The Bank of Canada’s tight monetary policy may reduce home affordability in 2022 and beyond. A potential rate hike is already increasing bond yields, resulting in higher mortgage rates.
On average, it takes 2 to 3 months to buy property in Canada. But the process may be shorter if the property is vacant. Follow our steps to purchase property in Canada easily.
The first step is to identify a property you like that fits your budget. Also consider the Canadian weather when making a choice. Some regions have good weather while some have very harsh weather. You can find property listings on the internet, newspapers, or through a realtor.
Most property sales involve realtors, typically two: the seller’s and the buyer’s. It’s also common for the property seller to pay the buyer’s realtor’s fees. However, confirm if that’s the case when buying property.
A mortgage is necessary if you want to buy property in Canada but don’t have enough cash. Mortgage rates for foreigners and non-residents are slightly higher, and it’s common for banks to ask for large down-payments (about 35% of the property value).
If you’re a US citizen or resident, banks may ask for a lower down payment (up to 20%). To qualify for the mortgage, you’ll need an employment letter showing your income, a reference letter from your bank, and bank statements for three months. You’ll also have to undergo a credit check.
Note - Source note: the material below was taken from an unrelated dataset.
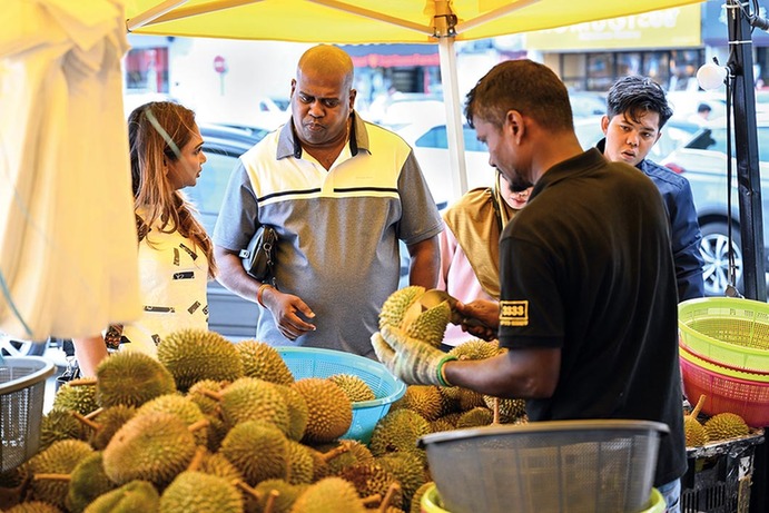 6月11日,在马来西亚吉隆坡附近的SS2“榴莲街”,一位摊主为顾客开榴莲

Don’t make an offer or pay for the property before you see it and scrutinize it. While your realtor can examine it for you, you’re the one who will own it. Check whether the building is structurally sound, if the storage space is enough, if the rooms are spacious, and carefully examine the walls and roof. A viewing will help you decide if the house is right for you or not.
When you find the right property, your realtor can help you design an offer. The offer letter may include the offer price, the deposit amount, the expected date of the last payment, and the property sale details. It may also list things you’ll have to do, like get a mortgage.
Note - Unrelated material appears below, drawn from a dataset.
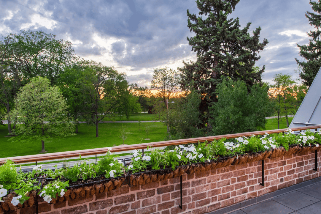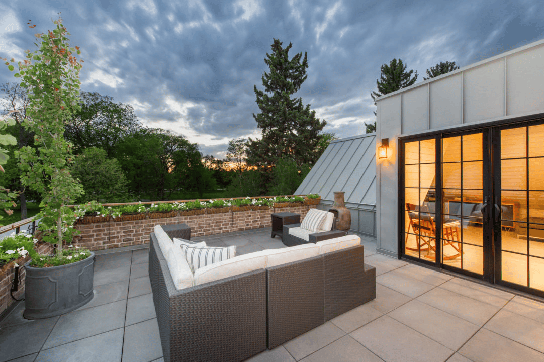 Upstairs, each bedroom includes a private balcony with views of the backyard. King’s third-floor studio, which opens onto a west-facing rooftop deck, is one of Armstrong’s favorite features. “In the winter you see the mountains, and in the summer you get that great energy of the park,” she says. “But when you are sitting on the sofas up there, no one can see you. It’s completely private.”

The offer is typically in writing and is usually accompanied by a 10% deposit which is held in a secure escrow account. In case you don’t have a Canadian bank account yet, you can use an Xe money transfer to send money to the escrow account from your account back home. The seller may accept your offer, decline it, or make a counteroffer in writing.
Once you agree on the price, your lawyer will draft an Offer of Purchase and Sale which you and the seller will sign. The lawyer will check whether the property complies with government regulations and owes no debts.
Within 60 days after the original offer, your lawyer will confirm the payment balance in a Statement of Adjustment. The document will also include other costs. You will pay this amount with a non-negotiable certified check within 24 hours.
As we mentioned above, using an online money transfer is the recommended way to make your international property purchase payments.
Because international money transfers are often quicker, more cost-effective, and more convenient than making your payment through a bank or with your credit card. You can avoid foreign transaction fees and the numerous extra bank fees, you can get a competitive exchange rate, and you can easily initiate a transfer online, 24/7.
Here’s how you can send money to Canada with Xe:
Enter the currencies to exchange and the amount to get a quote.
Enter your recipient’s name, address, bank name, bank account number, bank code, and BIC/SWIFT code. If you’re transferring money between your own bank accounts, that will be your own information.
Select your payment method and enter in that information. You can pay by bank transfer, card payment, or direct debit.
Does everything look good? Confirm your transfer and let us handle the rest.
Buying property in Canada is a straightforward process for expats. There are no discrepancies between citizens and foreigners as long as you meet all the requirements and pay the deposit.